In the second episode a new cast member was introduced named Ashley. Who is of mixed race, and with a head full of beautiful, curly natural hair flowing in all of it's curly goodness. While watching, as a natural girl myself, I kept thinking how beautiful her hair was. Then, in one of the candid interviews, Gizelle makes a comment about Ashley’s hair. Something along the lines of “when I look at Ashley all I see is hair,” and referring to Ashley’s hair as a “big bush.”
Although I’m here for Gizelle, those comments absolutely rubbed me the wrong way. Not to mention, this particular episode was full of enough racial comments to discuss for a lifetime. But the hair comments kept playing over and over in my head. I began to think of how we as black women are so quick to criticize other black women on the basis of hair. It has always been difficult for me to understand why the black community has so many hang ups about hair. I remember when I was a teenager and I would grow my hair just to cut it off again. It wasn’t a big deal to me. I recall my grandmother being extremely upset and hurt when I chopped my hair aka Toni Braxton style. I have tried to return to my natural curls three times before deciding to never put relaxers in my hair again in 2010, after the birth of my second daughter. Each time I chose to “go natural” I was greeted with unsavory comments. In 2000 I had a TWA. My mother was getting remarried and she told me that I couldn’t be in her wedding with a TWA, my reply, I will get a weave. She said that wouldn’t work either, and I felt forced to perm my hair to please my mother. Perming of the hair was thought of to be more acceptable to the mainstream. The relaxer would give us more of a European look.
Some still feel as if straight hair is more acceptable. But it begs the question to whom is it more acceptable? Are we looking to be accepted by the mainstream, our African American community or ourselves?
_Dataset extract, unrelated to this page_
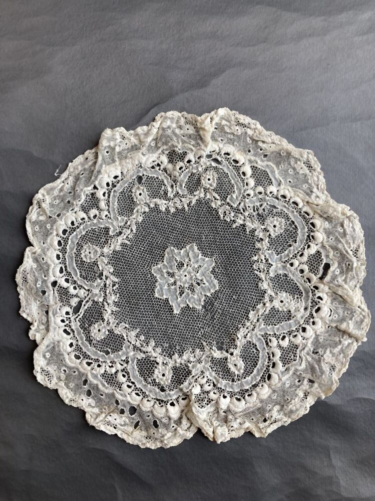 Rond wit kanten kleedje van geborduurde en geapplikeerde tule met kanten rand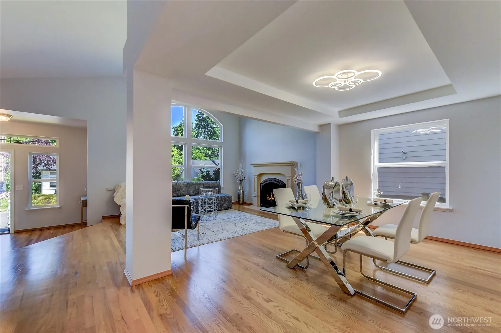 Stunning well-loved 4BR/2.5BA on quiet cul-de-sac! Top Northshore schools. Main Level: Wide foyer opens to living room with high ceilings & large windows. Updated kitchen (2023): Viking range, quartz, Bosch dishwasher, walk-in pantry. 2 gas fireplaces in the Living and Family room, refinished oak hardwoods (2023), Formal Dining area. Primary suit: granite, soaking tub, walk-in shower, heated floors. bedrooms on a top floor, 3 beds, skylights in bathrooms & laundry. Upstairs laundry room with Miele washer & dryer. TimberTech deck with the hot tub overlooks landscaped yard. Smart lights, thermostat, keyless entry, irrigation. Whole-house generator, central air condition. Large 2-car garage (615sf), fire pit, newer roof (2014). No HOA.

When I decided to give up the creamy crack to never return in 2010, I transitioned by gradually growing out my relaxed hair. I received so many negative comments at the time, one friend said I looked like a young Michael Jackson, I was often asked if I got caught in the rain, and if I was really wearing my hair that way. Well in my opinion Jackson 5 Michael Jackson was cute when, if I did get caught in the rain my hair would just be curly, and yes I was really wearing my hair this way all day every day. I finally decided that I wanted to be acceptable to me and only me. That’s part of the beauty of being a black woman in America. We have so many choices for our hair. Our hair is our glory and adds to our #BlackGirlMagic. We have to stop judging one another on the basis of hair. It’s self choice. I can rock my natural or a weave and I will still see myself as the baddest woman in the building. The only one who was made or broken by their hair was Sampson.